「沖縄の視線」という写真を見て

東京新聞朝刊に、東京写真記者協会が優れた報道写真に贈る本年度の各賞を発表したという記事が載っていた。グランプリの東京写真記者協会賞に、東京新聞の「沖縄の視線」が選ばれたという。

6月23日に沖縄県糸満市平和記念公園で行われた沖縄全戦没者追悼式で、安倍首相が出席者の視線を浴びながら献花に向かう様子を写した一枚だ。
出席者の座る横を安倍首相が口元を引き締めたような表情で通り過ぎる。その背中を、翁長知事がじっと見つめている。写真は、安倍首相が子供たちが着席する列を通り過ぎようとする一瞬を横から捉えている。安倍首相の向こうに座る子供達(中学生くらいに見える)も、通り過ぎようとする安倍首相をじっと見つめている。
記事には、「献花に向かう安倍晋三首相を、翁長雄志知事と子どもたちら出席者が厳しい視線で見つめる様子を捉えた。」と説明されていた。

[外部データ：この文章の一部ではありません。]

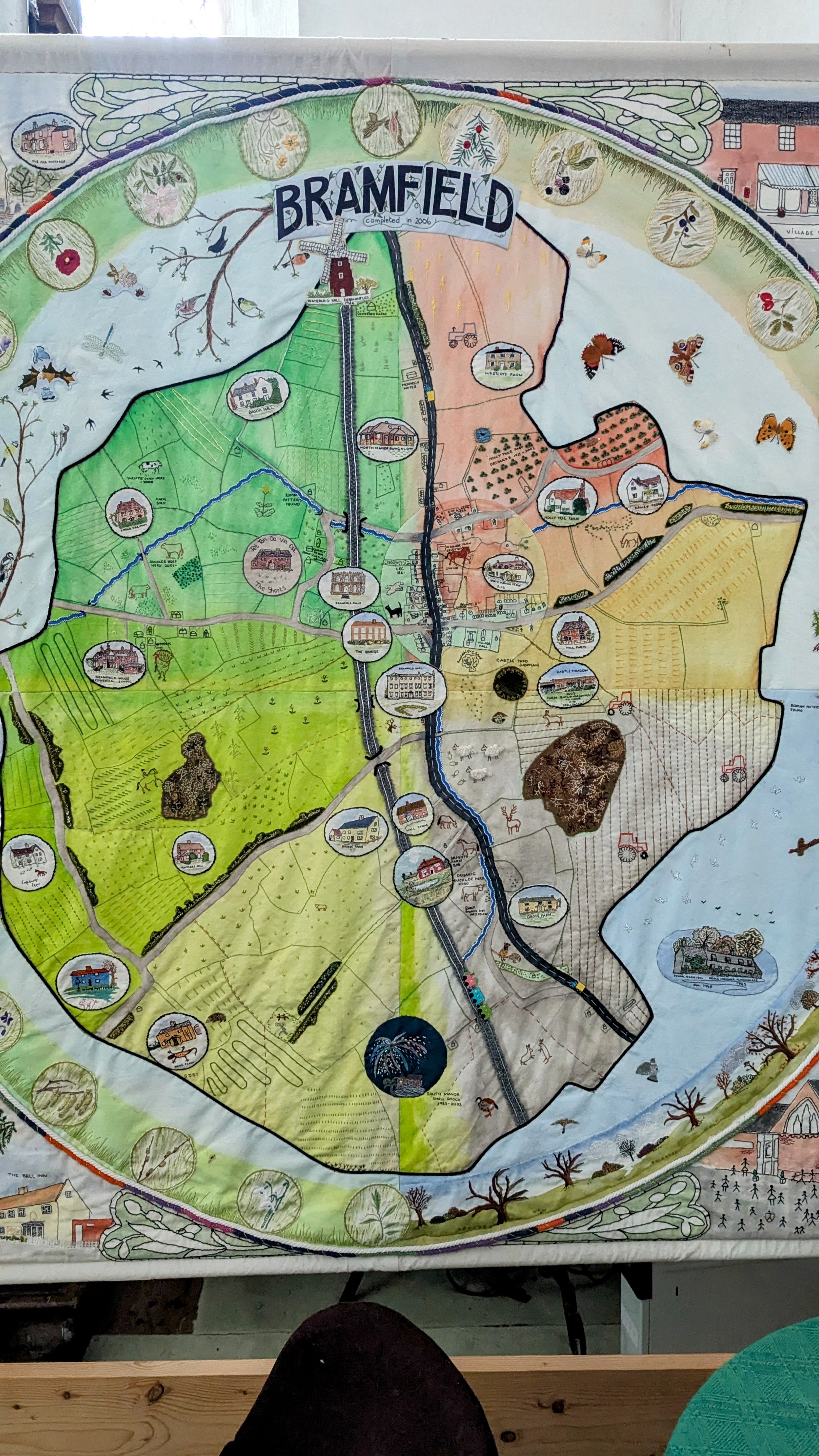 Bramfield’s parish church, hard to spot on the village tapestry,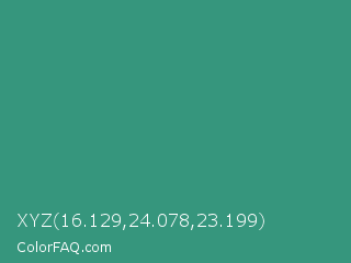 XYZ 16.129,24.078,23.199 Color is a normal cyan color and the nearest color is Illuminating Emerald #319177. Hex code #36967d and RGB value is rgb(54,150,125). In RGB color space, this color is composed of 21% red, 59% green, 49% blue, In CMYK color space, this color is composed of 64% cyan, 0% magenta, 17% yellow , 41% black , In HSL color space, this color has a hue angle of 164° , 47% saturation and 40% lightness.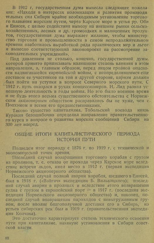 Вот смысл и сущность транспортно-строительной политики до Октябрьской революции. И если так обстоял вопрос для железных дорог, что же остается говорить о сочувствии руководящих центров капиталистической России такому делу, как Северный морской путь в Сибирь, экономическое значение которого для Сибири столь очевидно. В представлении царских бюрократов это было равносильно отложению Сибири от России.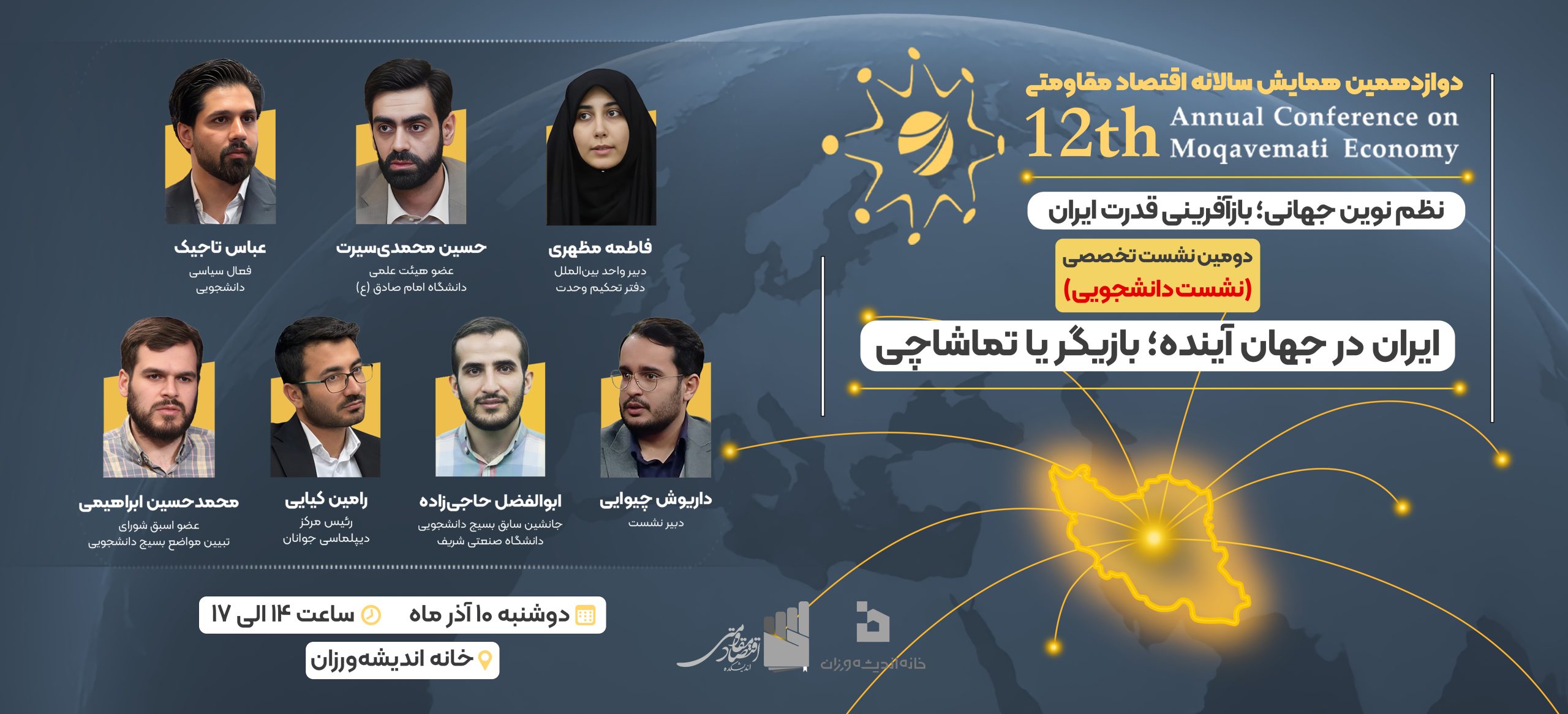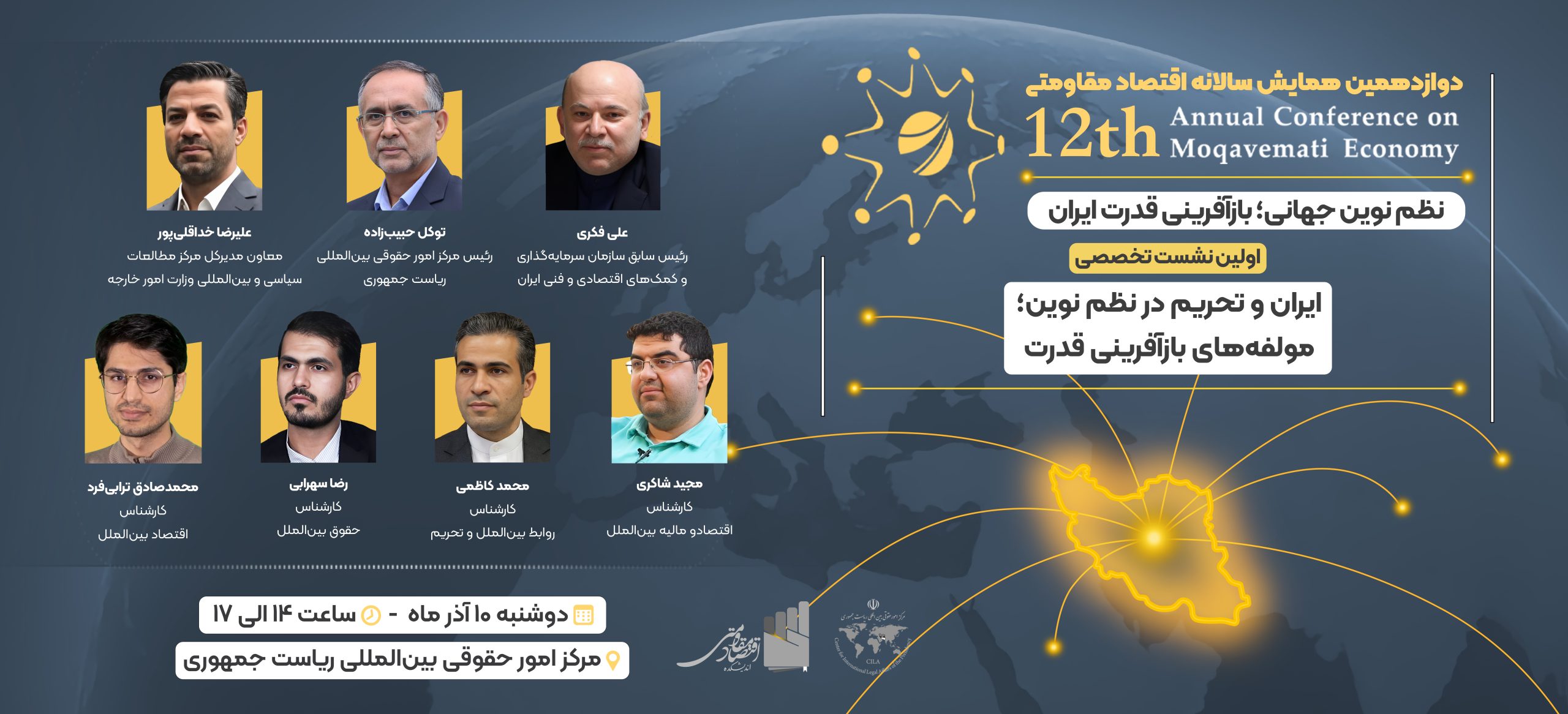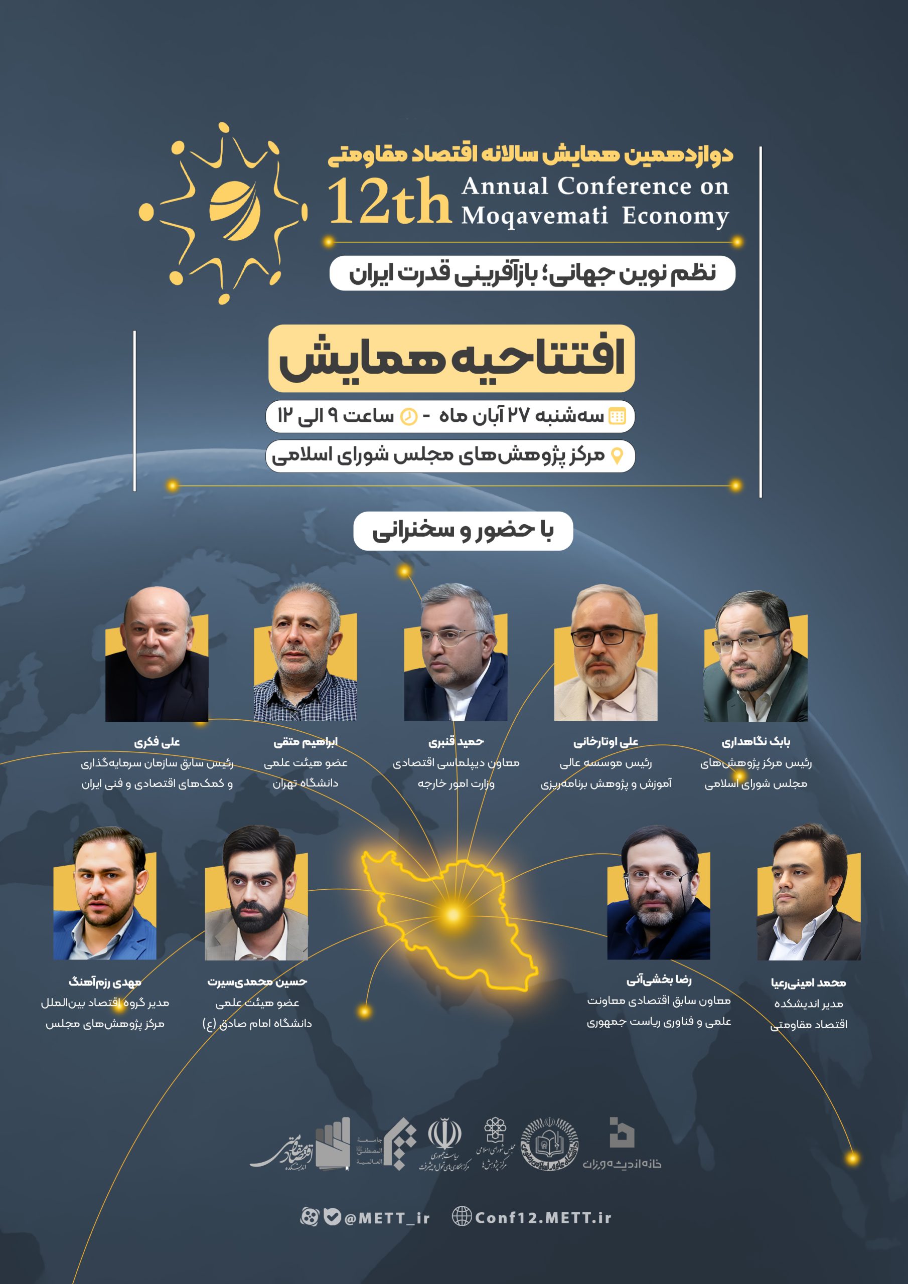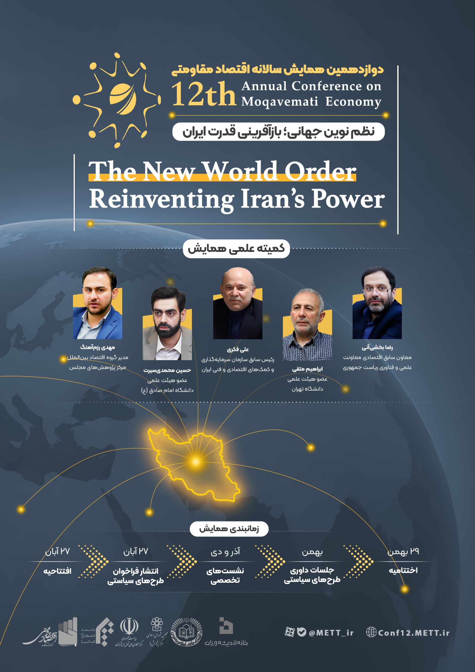 اختتامیه دوازدهمین همایش سالانه اقتصاد مقاومتی با موضوع «نظم نوین جهانی؛ بازآفرینی قدرت ایران» در تاریخ ۱۴۰۴/۱۱/۲۹ و همزمان با سالروز ابلاغ سیاستهای اقتصاد مقاومتی برگزار میشود.

安倍首相を見つめる人々の視線は確かに厳しいものに見える。写真の視線を見れば見るほど、怒りが伝わってくるような気がする。
とりわけ子供たちの視線が印象的だ。厳しいというより冷めた視線のように見える。

この視線は安倍首相に向けられたものではあるけど、写真を見ていると、自分に向けられているように思えてくる。自分は安倍首相と同じ側にはいないと思っているけど、本当はそうではないのかもしれない。